The headers that will come with the platform SDK will have a typedef that will map size_t to the right integer type. So you write memset() once and it compiles right on every implementation.
sharptooth
2010-04-08 13:03:05
A:
size_t is guaranteed to be large enough to hold a pointer on all platforms.
jemfinch
2010-04-08 13:09:05
Nice downmod, but if you actually read and understand Judge Maygarden's answer, you'll see that we're saying the exact same thing. "The size in bits of size_t varies based on the address space of the target platform" is isomorphic to "size_t is guaranteed to be large enough to hold a pointer on all platforms."Judge Maygarden said that size_t might be smaller than the register size on some platforms.

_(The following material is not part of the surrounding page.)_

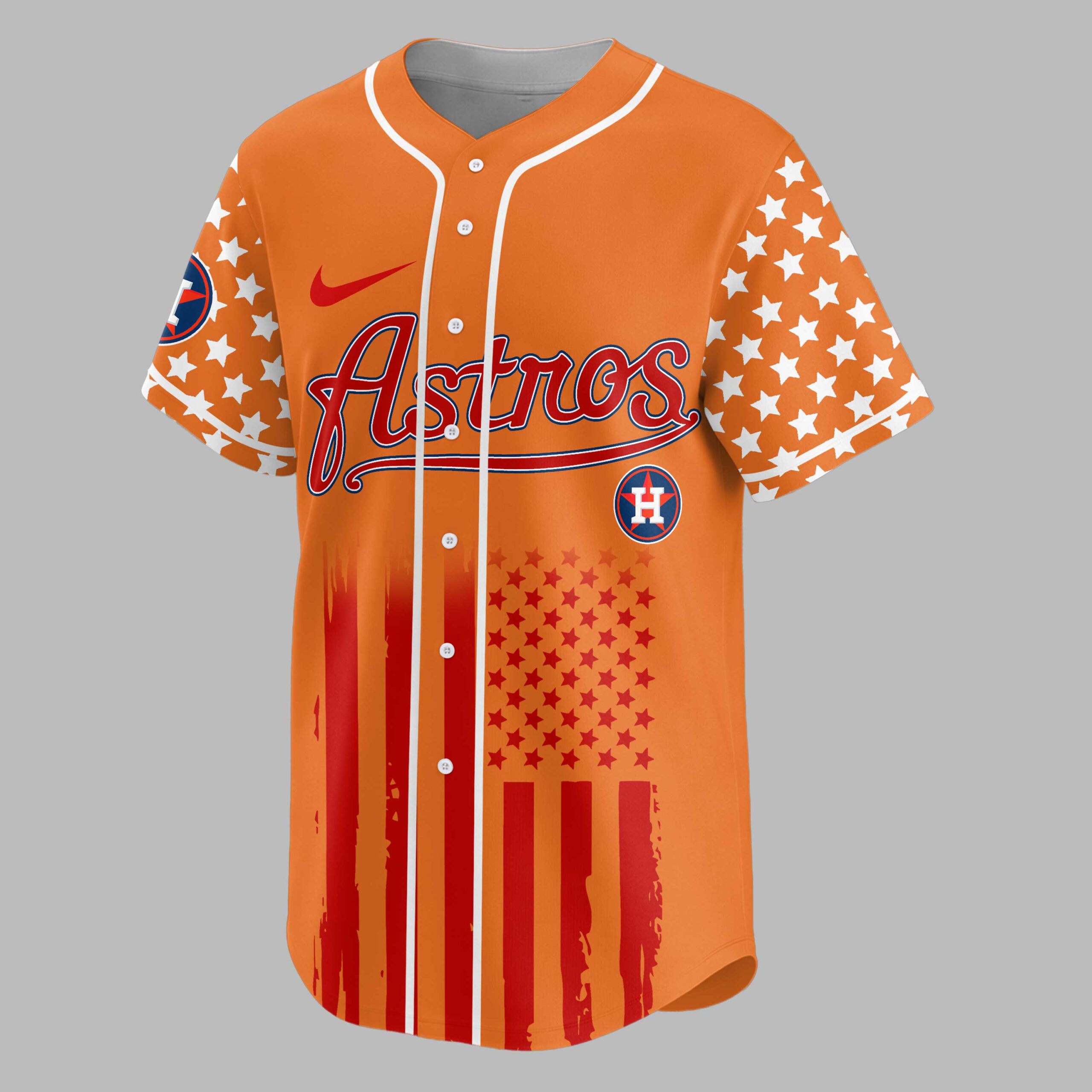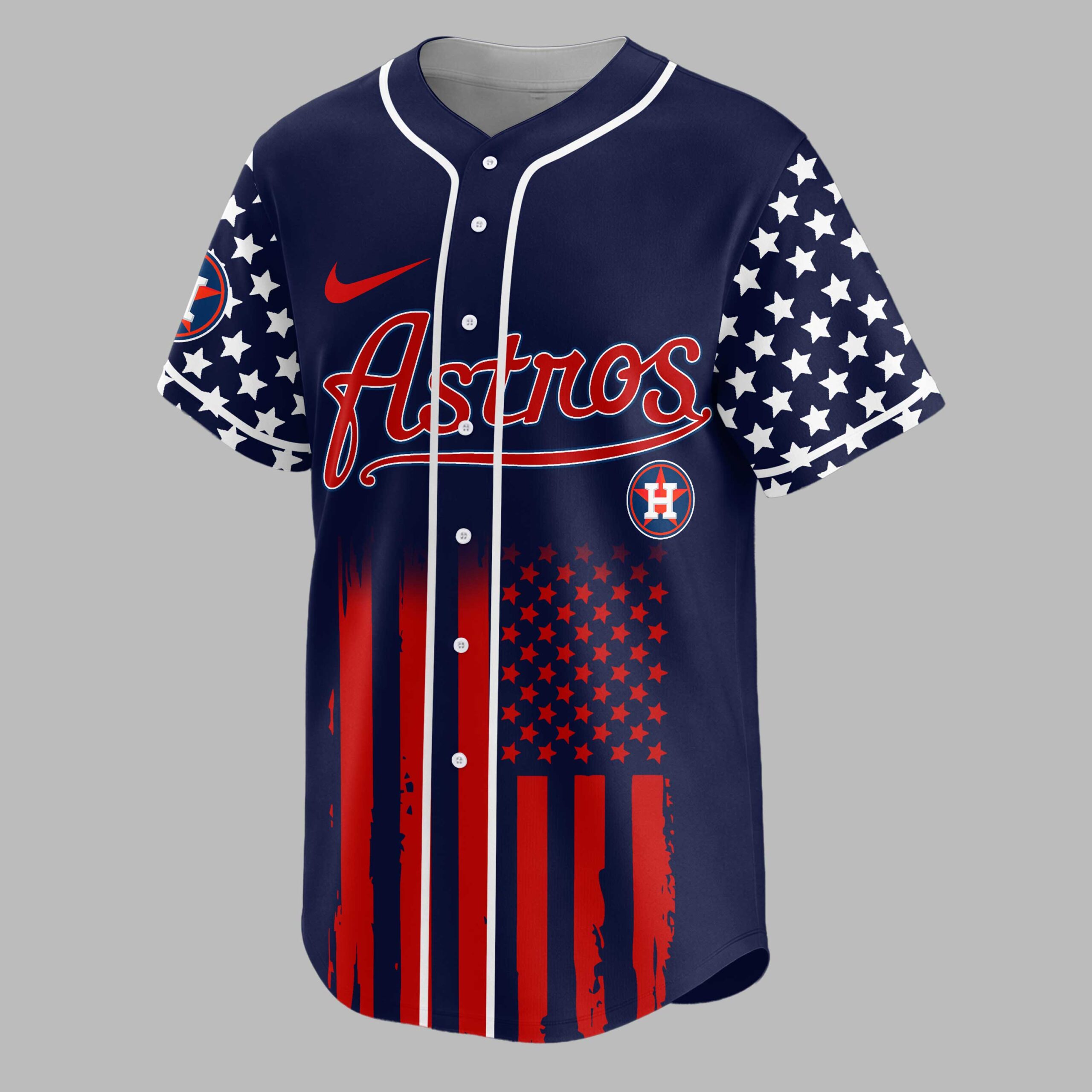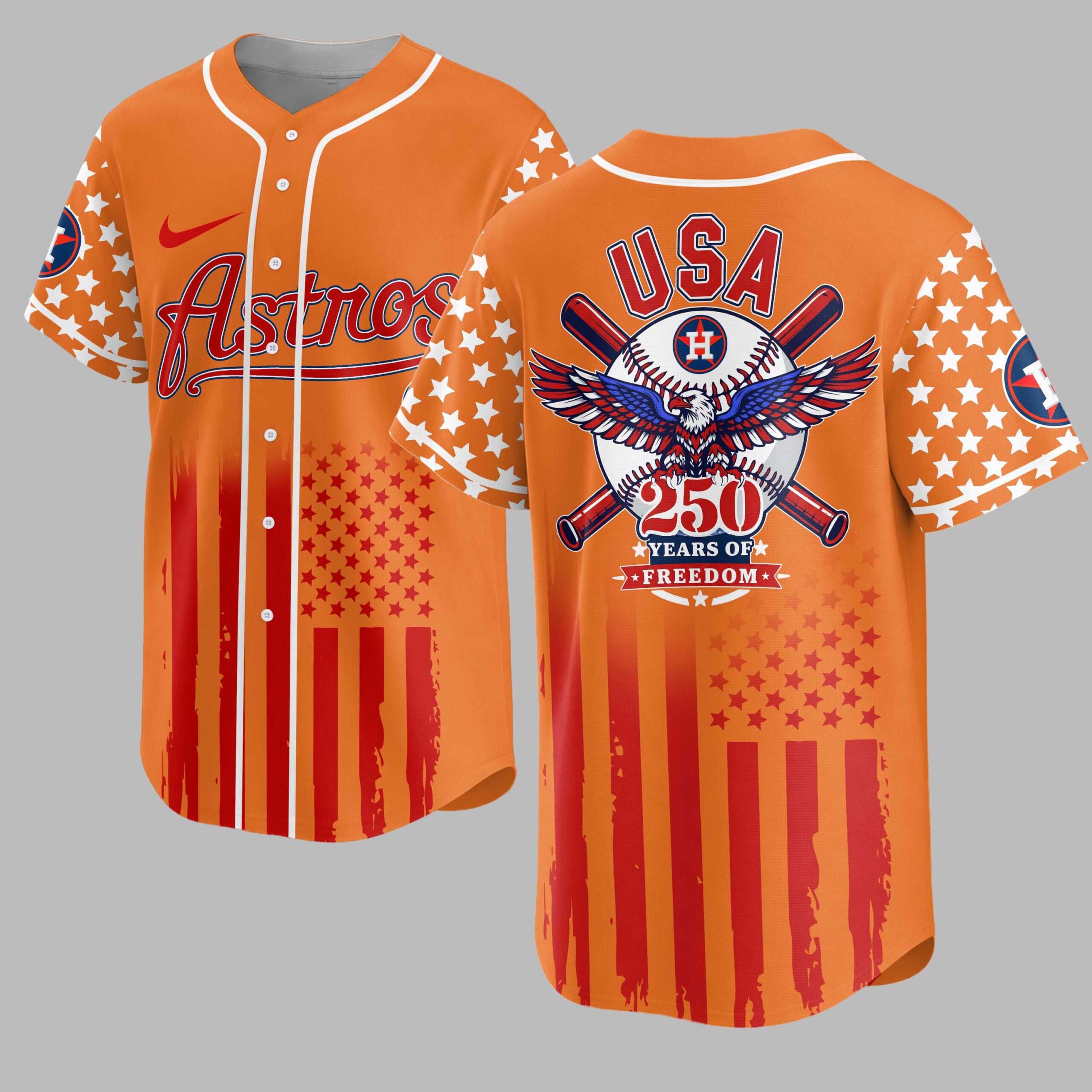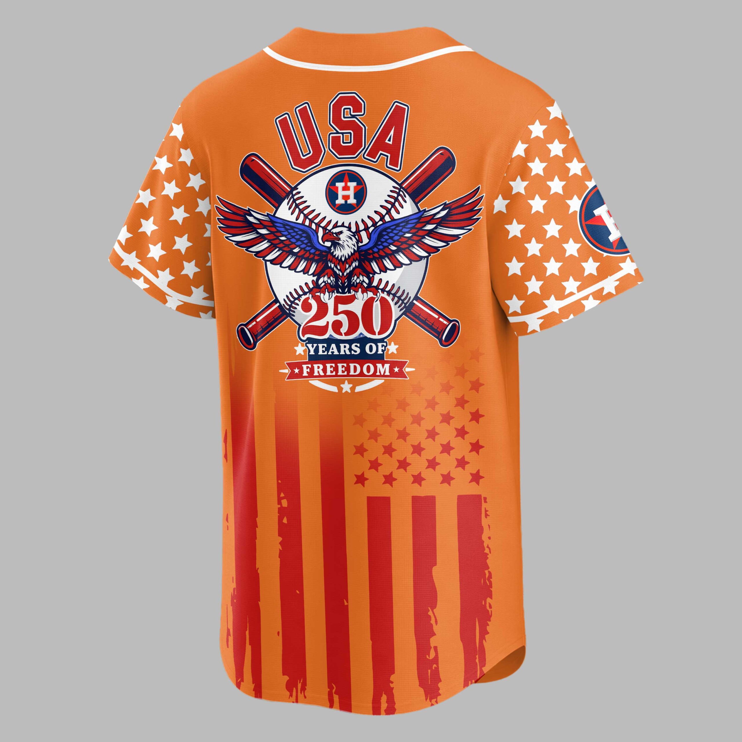 Show your unwavering pride for both the Houston Astros and the United States with this striking patriotic baseball jersey. This special edition combines the thrill of game day with a powerful tribute to 250 Years of Freedom, making it a truly unique statement piece for any fan. The front of the jersey boldly features the classic Astros script in red, set against a navy background with a distressed American flag motif flowing from the waist. The sleeves proudly display a scattering of white stars, while the back commands attention with USA emblazoned above a captivating graphic. This design includes a baseball, crossed bats, and a majestic eagle, symbolizing American spirit and baseball passion. Perfect for wearing to the ballpark, Fourth of July barbecues, Memorial Day events, or any occasion where you want to celebrate your dual love for your team and country. This jersey is designed to help you stand out in the crowd, embodying a spirit of patriotism and baseball fervor.

He did not say it might be smaller than the pointer size, because it cannot be.
jemfinch
2010-04-08 13:19:47
On many processors, nothing. On some processors, there are multiple registers of different sizes; on others, a general purpose register may be half the size of a pointer, and registers may need to be combined to load from memory. The point Judge Maygarden was making is that the relation is not between the size of a register and the size of `size_t`, but between memory size and the size of `size_t`: that is to say, that size_t is large enough to reference all of memory (just like...a pointer!).
jemfinch
2010-04-08 13:39:51
Yup, life could be more easier if size_t is large enough to reference all of memory. But what does Judge Maygarden mean by "sizeof (size_t) can be smaller than the sizeof (void *)"? Doesn't (void *) is the largest pointer?
Grissiom
2010-04-08 13:44:53
He has a good point, but that's not what he originally said: he added that point in an edit.He's right, though: size_t is only guaranteed to be able to access all the memory in a given bank of a segmented architecture. Programmers haven't had to worry about that for a very long time, though :)
jemfinch
2010-04-08 14:02:38
It is even possible for there to be *no* integer type large enough to hold the largest pointer type. C99 defines (the optional) `intptr_t` and `uintptr_t` types that are large enough to hold any object pointer (i.e. not a function pointer) including `void *`. Meanwhile `size_t` only needs to be large enough to represent, as the name says, sizes. As an example, consider a segmented architecture where a “far” pointer may point to memory outside the current segment but the area of memory pointed to must fit inside a single segment; the pointer could be 32 bits with a 16-bit `size_t`.
Arkku
2010-04-08 14:03:08
But what is the meaning of "sizes"? That word is too abstract. Does it mean the size of address bus or the size of registers?
Grissiom
2010-04-08 14:31:40
The size described by `size_t` is the length in bytes of a contiguous block of memory.
Judge Maygarden
2010-04-08 15:15:11
So I'm curious: are you guys just being pedantic, or are there *actual machines* in common use today for which "size_t is guaranteed to be large enough to hold a pointer" does not hold? I'm not aware of any; segmented memory architectures are a relic of the PDP days, as far as I know.
jemfinch
2010-04-08 15:20:20
I believe real mode is still supported in IA-32 processors. So, this could happen with a compiler targeting the 8086 addressing mode. AMD64 deprecated the segment registers.However, yes, we are mostly being pedantic. That's why I didn't down vote your answer. Although it is technically incorrect per the C standard.
Judge Maygarden
2010-04-08 18:19:38